What is expected >>
No pictures are to be included when the entries below are reproduced exactly.

Provided material >>

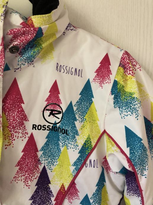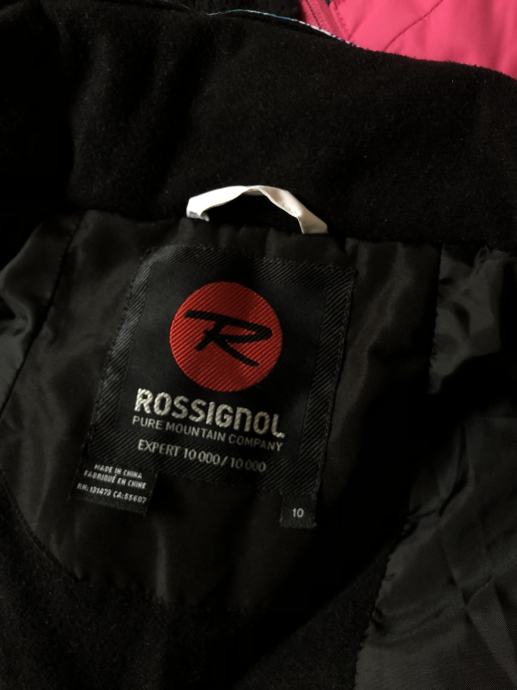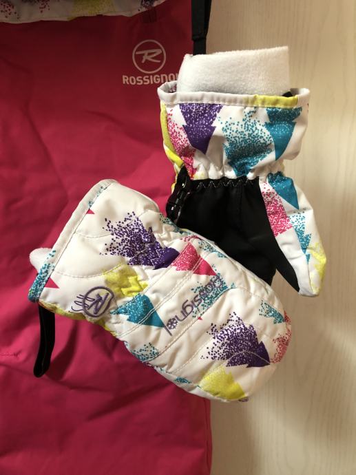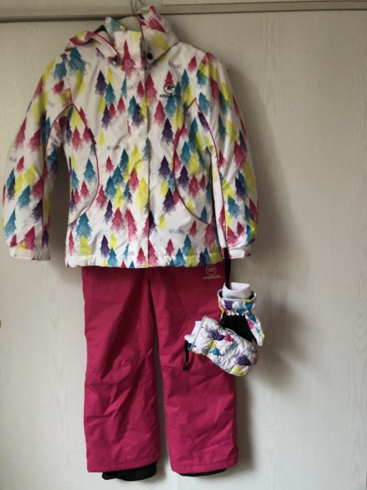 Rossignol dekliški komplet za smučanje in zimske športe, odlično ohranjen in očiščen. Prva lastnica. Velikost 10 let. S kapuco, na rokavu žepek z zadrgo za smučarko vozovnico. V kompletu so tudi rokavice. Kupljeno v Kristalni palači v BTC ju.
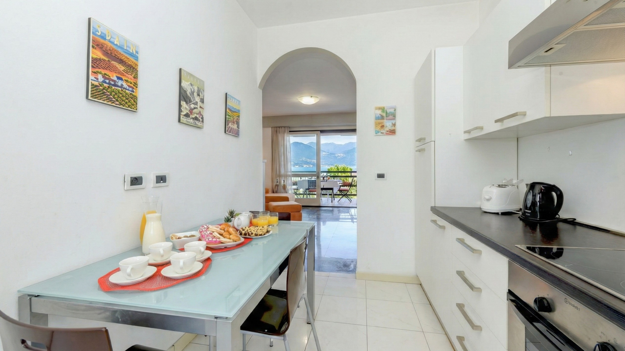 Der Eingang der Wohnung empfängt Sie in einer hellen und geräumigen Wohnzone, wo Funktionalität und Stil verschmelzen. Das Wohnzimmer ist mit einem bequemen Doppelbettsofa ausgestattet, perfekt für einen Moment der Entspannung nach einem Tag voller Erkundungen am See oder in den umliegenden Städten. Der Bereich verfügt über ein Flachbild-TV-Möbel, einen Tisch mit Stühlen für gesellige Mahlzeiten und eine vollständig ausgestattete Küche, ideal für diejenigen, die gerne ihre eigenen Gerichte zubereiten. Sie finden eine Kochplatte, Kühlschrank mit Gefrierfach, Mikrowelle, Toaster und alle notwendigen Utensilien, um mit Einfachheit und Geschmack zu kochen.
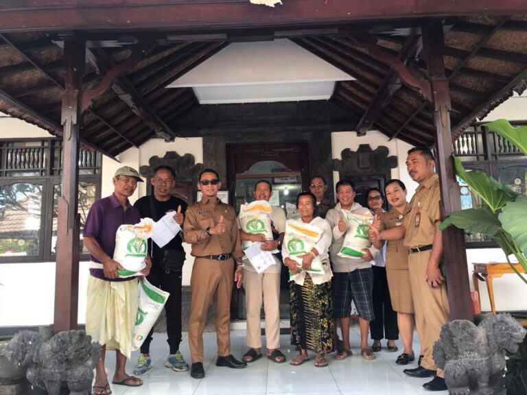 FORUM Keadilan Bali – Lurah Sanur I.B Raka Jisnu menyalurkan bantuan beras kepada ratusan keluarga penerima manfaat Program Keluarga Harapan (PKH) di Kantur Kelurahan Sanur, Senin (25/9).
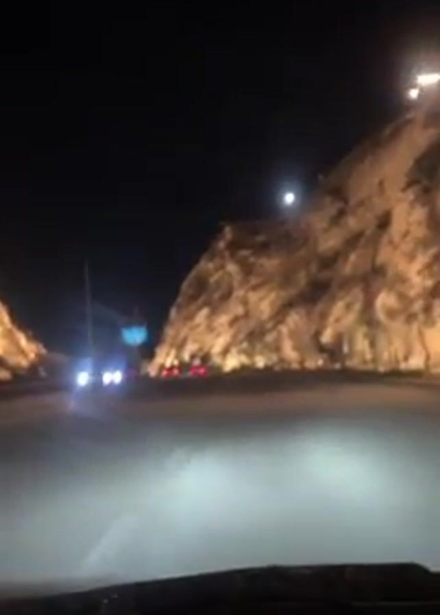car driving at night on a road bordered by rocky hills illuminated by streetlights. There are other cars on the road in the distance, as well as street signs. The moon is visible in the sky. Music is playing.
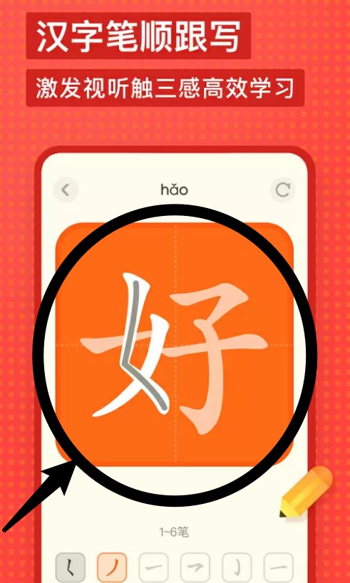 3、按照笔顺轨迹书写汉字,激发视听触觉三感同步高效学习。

Answer section >>
 Rossignol dekliški komplet za smučanje in zimske športe, odlično ohranjen in očiščen. Prva lastnica. Velikost 10 let. S kapuco, na rokavu žepek z zadrgo za smučarko vozovnico. V kompletu so tudi rokavice. Kupljeno v Kristalni palači v BTC ju.
 Der Eingang der Wohnung empfängt Sie in einer hellen und geräumigen Wohnzone, wo Funktionalität und Stil verschmelzen. Das Wohnzimmer ist mit einem bequemen Doppelbettsofa ausgestattet, perfekt für einen Moment der Entspannung nach einem Tag voller Erkundungen am See oder in den umliegenden Städten. Der Bereich verfügt über ein Flachbild-TV-Möbel, einen Tisch mit Stühlen für gesellige Mahlzeiten und eine vollständig ausgestattete Küche, ideal für diejenigen, die gerne ihre eigenen Gerichte zubereiten. Sie finden eine Kochplatte, Kühlschrank mit Gefrierfach, Mikrowelle, Toaster und alle notwendigen Utensilien, um mit Einfachheit und Geschmack zu kochen.
 FORUM Keadilan Bali – Lurah Sanur I.B Raka Jisnu menyalurkan bantuan beras kepada ratusan keluarga penerima manfaat Program Keluarga Harapan (PKH) di Kantur Kelurahan Sanur, Senin (25/9).
car driving at night on a road bordered by rocky hills illuminated by streetlights. There are other cars on the road in the distance, as well as street signs. The moon is visible in the sky. Music is playing.
 3、按照笔顺轨迹书写汉字,激发视听触觉三感同步高效学习。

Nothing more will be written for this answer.